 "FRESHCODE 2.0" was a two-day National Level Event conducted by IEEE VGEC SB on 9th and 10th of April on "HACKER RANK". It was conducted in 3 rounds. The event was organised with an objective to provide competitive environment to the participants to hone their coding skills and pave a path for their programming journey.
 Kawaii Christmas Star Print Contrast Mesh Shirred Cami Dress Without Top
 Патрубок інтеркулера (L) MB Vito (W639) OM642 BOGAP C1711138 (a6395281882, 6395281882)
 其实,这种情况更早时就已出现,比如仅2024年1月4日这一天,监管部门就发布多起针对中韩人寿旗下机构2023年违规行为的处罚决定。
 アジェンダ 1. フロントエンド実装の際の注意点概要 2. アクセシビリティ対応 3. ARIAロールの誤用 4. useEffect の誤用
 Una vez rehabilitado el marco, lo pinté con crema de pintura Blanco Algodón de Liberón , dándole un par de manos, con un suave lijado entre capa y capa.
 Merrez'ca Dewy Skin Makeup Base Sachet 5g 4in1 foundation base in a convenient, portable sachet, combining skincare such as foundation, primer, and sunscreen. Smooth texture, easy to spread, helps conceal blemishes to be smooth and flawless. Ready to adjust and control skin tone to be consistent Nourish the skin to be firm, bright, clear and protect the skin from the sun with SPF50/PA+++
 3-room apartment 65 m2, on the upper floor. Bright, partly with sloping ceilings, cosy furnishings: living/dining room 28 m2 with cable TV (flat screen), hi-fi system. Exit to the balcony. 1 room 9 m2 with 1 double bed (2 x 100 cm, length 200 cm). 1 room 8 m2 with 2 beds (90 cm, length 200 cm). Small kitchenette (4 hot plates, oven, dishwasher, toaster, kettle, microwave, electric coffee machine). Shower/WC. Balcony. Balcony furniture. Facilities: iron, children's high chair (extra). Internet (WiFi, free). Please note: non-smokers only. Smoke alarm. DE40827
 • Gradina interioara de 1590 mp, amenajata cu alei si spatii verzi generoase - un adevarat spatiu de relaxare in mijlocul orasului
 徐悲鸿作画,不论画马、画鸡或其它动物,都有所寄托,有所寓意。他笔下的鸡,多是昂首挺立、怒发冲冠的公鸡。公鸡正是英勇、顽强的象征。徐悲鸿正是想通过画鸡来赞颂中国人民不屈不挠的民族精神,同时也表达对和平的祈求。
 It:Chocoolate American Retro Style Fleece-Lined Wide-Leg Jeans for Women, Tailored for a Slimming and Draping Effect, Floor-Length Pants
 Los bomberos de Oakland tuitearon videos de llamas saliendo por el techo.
────
YOUR INSTRUCTIONS>
Taking the entries above, restate exactly those lines that fall between the line with "Kawaii Christmas Star" and the line with "Una vez rehabilitado", keeping both of those lines too.

RESPONSE BOX>
 Kawaii Christmas Star Print Contrast Mesh Shirred Cami Dress Without Top
 Патрубок інтеркулера (L) MB Vito (W639) OM642 BOGAP C1711138 (a6395281882, 6395281882)
 其实,这种情况更早时就已出现,比如仅2024年1月4日这一天,监管部门就发布多起针对中韩人寿旗下机构2023年违规行为的处罚决定。
 アジェンダ 1. フロントエンド実装の際の注意点概要 2. アクセシビリティ対応 3. ARIAロールの誤用 4. useEffect の誤用
 Una vez rehabilitado el marco, lo pinté con crema de pintura Blanco Algodón de Liberón , dándole un par de manos, con un suave lijado entre capa y capa.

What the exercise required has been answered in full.